To develop an interpretable ML model for accurately predicting the occurrence probability of AL after rectal cancer resection and define our clinical alert values for serum calcium ions.

METHODS

Patients who underwent anterior resection of the rectum for rectal carcinoma at the Department of Digestive Surgery, Xijing Hospital of Digestive Diseases, Air Force Medical University, and Shaanxi Provincial People's Hospital, were retrospectively collected from January 2011 to December 2021,. Ten ML models were integrated to analyze the data and develop the predictive models. Receiver operating characteristic (ROC) curves, calibration curve, decision curve analysis, accuracy, sensitivity, specificity, positive predictive value, negative predictive value, and F1 score were used to evaluate model performance. We employed the SHapley Additive exPlanations (SHAP) algorithm to explain the feature importance of the optimal model.

RESULTS

A total of ten features were integrated to construct the predictive model and identify the optimal model. XGBoost was considered the best-performing model with an area under the ROC curve (AUC) of 0.984 (95%confidence interval: 0.972-0.996) in the test set (accuracy: 0.925; sensitivity: 0.92; specificity: 0.927). Furthermore, the model achieved an AUC of 0.703 in external validation. The interpretable SHAP algorithm revealed that the serum calcium ion level was the crucial factor influencing the predictions of the model.

CONCLUSION

A superior predictive model, leveraging clinical data, has been crafted by employing the most effective XGBoost from a selection of ten algorithms. This model, by predicting the occurrence of AL in patients after rectal cancer resection, has identified the significant role of serum calcium ion levels, providing guidance for clinical practice. The integration of SHAP provides a clear interpretation of the model's predictions.

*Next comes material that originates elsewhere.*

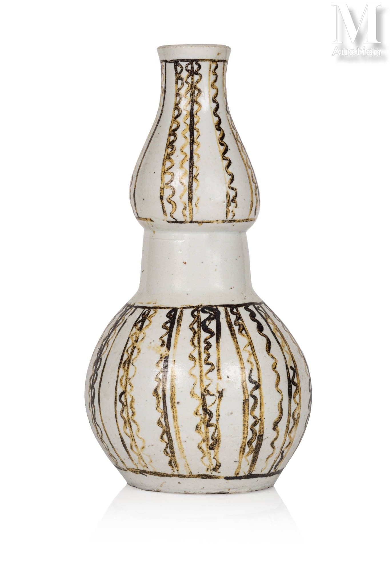 Gourd-shaped ceramic, decorated with brown serpentine highlights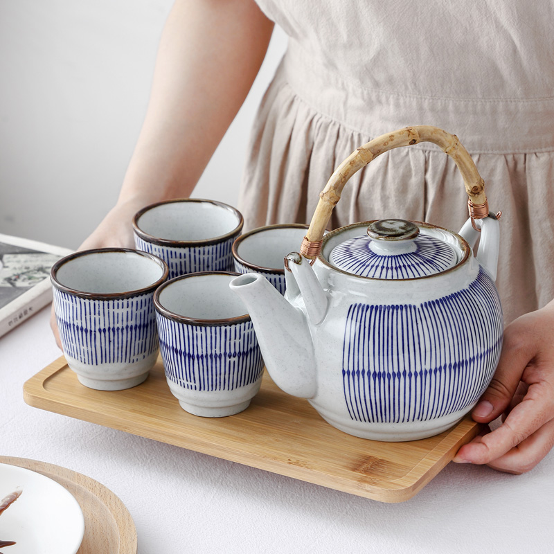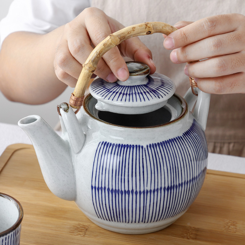 Day Style Blue Rain Tea Set Ceramic Large Teapot Tea Cup Suit Vines Bar Handle Teapot Dining Room Home With Wooden Care Tray

Keywords: Machine learning; Rectal cancer; Anastomotic leakage; SHapley Additive exPlanations algorithms

Core Tip: Ten machine learning models were established using ten factors and interpreted using the SHapley Additive exPlanations model. Through model evaluation and comparison, we selected the best prediction model and performed external validation in multiple centers. We found for the first time that perioperative serum calcium ion level plays an important role in the occurrence of anastomotic leakage (AL) after anterior resection of rectal cancer, and proposed that preoperative serum calcium level lower than 2.1 and postoperative calcium level lower than 2.2 are clinical warning values for the occurrence of AL.